Advising Obol
Today I am proud to announce that I am joining Obol Network as an advisor, with a focus on incentive design, protocol development, and community. I’ve known Collin Myers for over three years and I am incredibly excited to support him and the team on this breakthrough technology.
Obol Network enables trust minimized staking on Ethereum using Secret Shared Validators (SSV) technology. SSV is a new infrastructure primitive that enables a validator key to be split between independently operating validator instances, enabling Active Active redundancy across Eth2 infrastructure deployments. You can think of this as enabling your validator to operate like a multisig, removing single points of technical failure like downtime and key theft.

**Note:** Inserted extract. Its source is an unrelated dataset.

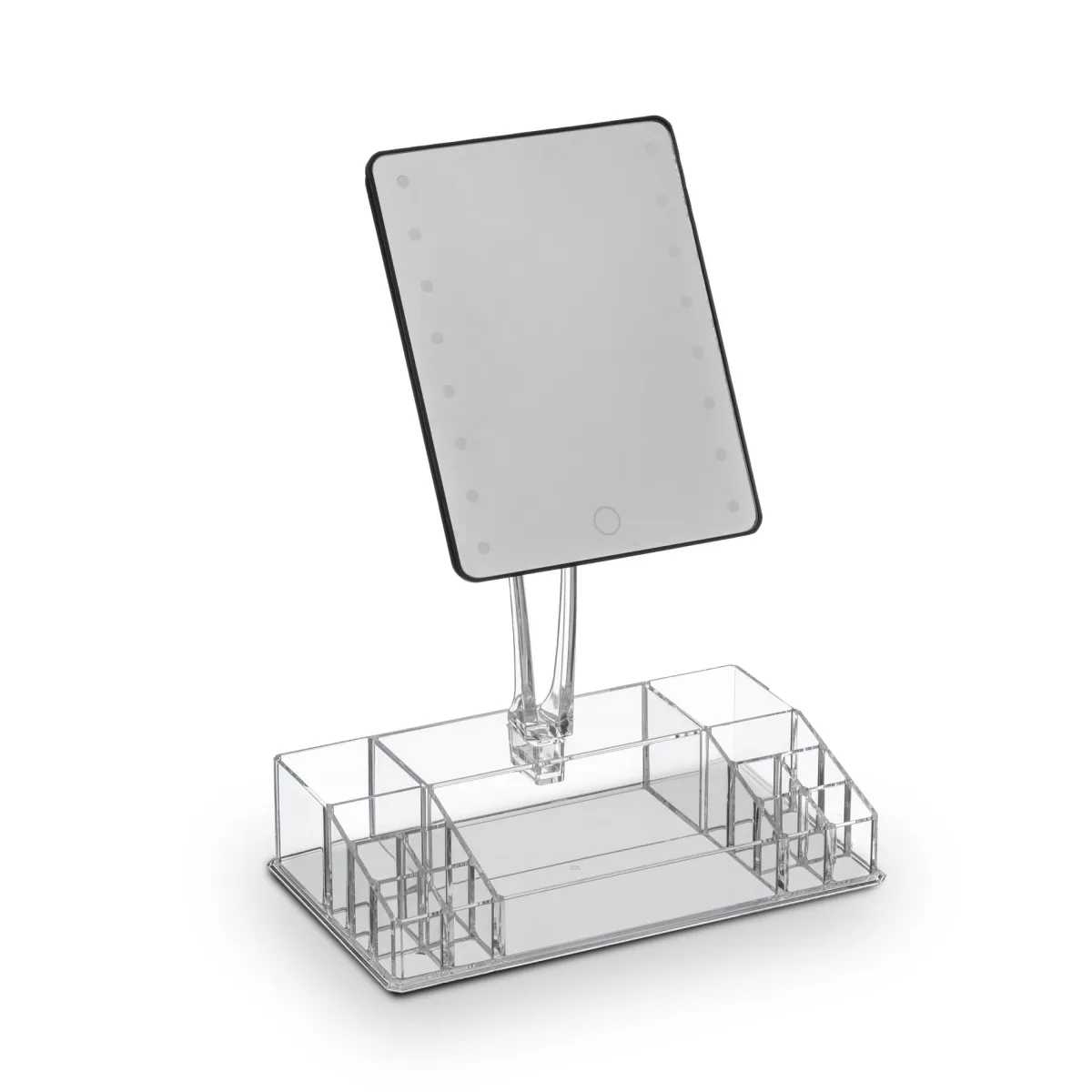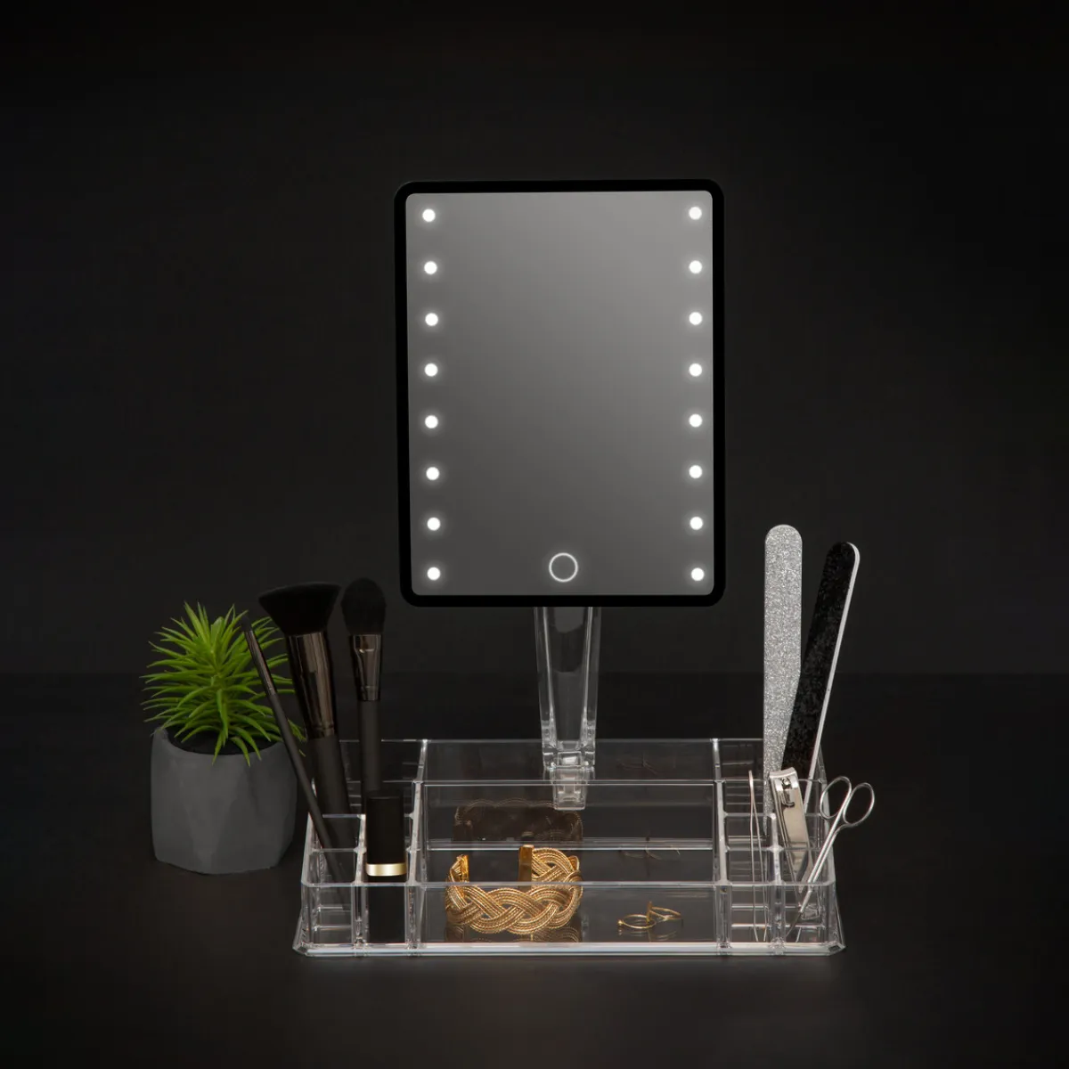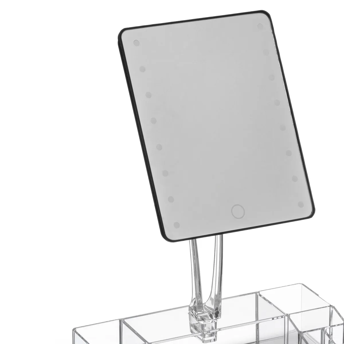 Espejo Led Con Almacenaje Para Joyas Selena | Funciona con 4 pilas LR6 / AA, no incluidas | Espejo con Luz Organizadora: – Giratorio 90° – 16 LEDS – con 13 unidades de almacenamiento | Los accesorios y la organización del baño son esenciales para que tus rutinas más personales te traigan todo el bienestar que te mereces | ¡Conoce nuestra colección de accesorios para el baño! | Color: Transparente | Medidas: 38x16x28cm | Material: Polipropileno | Marca: 5Five

Instead, SSV divides a single Ethereum validating key across four or more eth2 beacon node instances that come to consensus to decide on what should be signed by the validator.
Threshold signature schemes are used, which allow for a portion of the instances to be offline (e.g., 2 of 7) creating superior fault tolerance to the validator set-ups used today. With a divided validating key, the entire private key for a validator never exists anywhere.
Obol Network is incredibly exciting for a number of reasons, but the most immediate ones are benefits to stakers. Eth2’s design is forgiving of uncorrelated validator faults, but harshly punishes correlated incidents, such as mass downtime or double-signing. By splitting the key among multiple nodes:
- Downtime becomes less of an issue, as a small number of nodes can have temporary downtime without taking the validator offline
- Double signing is less likely to happen by accident, as an attempted double-signing by one node operator would be rejected by the other nodes before hitting the Ethereum network
To elaborate on that second point, double signings are not always by accident. One of the big risks to PoS networks generally, but also to individual operators on eth2 specifically, is slashing sabotage. An attacker can compromise node infrastructure and force it to go offline or double sign, resulting in harsh punishments, and diminishing the total overall security of the network. This would also increase their (unharmed) stake in the network, making it easier for them to pull off further attacks. Splitting keys among a large number of nodes will require attackers to compromise many more node operators, making it much more difficult to launch an attack.
There is also an additional dark horse potential use case in that Obol Network can enable totally permissionless liquid staking, both on the token holder and operator side. Today’s liquid staking powerhouse is Lido (disclosure: I am an investor) and it has brought immense benefit to the Ethereum community. However, it is limited by the fact that node operator membership must be gatekept as a single operator fault impacts all other Lido validators and stETH token holders. Obol Network will allow all node operators to join in a permissionless way, enabling a much larger pool of validators to support a liquid staking standard. The Obol team recently received a grant from Lido to focus on this work, and my hope is that eventually Lido can transition to an open membership model for operators by using Obol Network.
Lastly, one of the goals of eth2 is to enable as many people as possible to run validators and participate on the network. However, given the 32 ETH staking requirement requires upfront capital of over $100k per validator, there is still room to become more accessible. Obol Network will allow anyone that meets the network’s work requirements to run eth2 infrastructure without needing their own ETH, and earn a portion of the ETH rewards generated by the validators they support. This will enable almost everyone to become a node operator on the network, making eth2 the most decentralized and secure network in the world.
I am incredibly excited to help build Obol as an advisor and suggest everyone follow their progress closely as it’ll move quickly!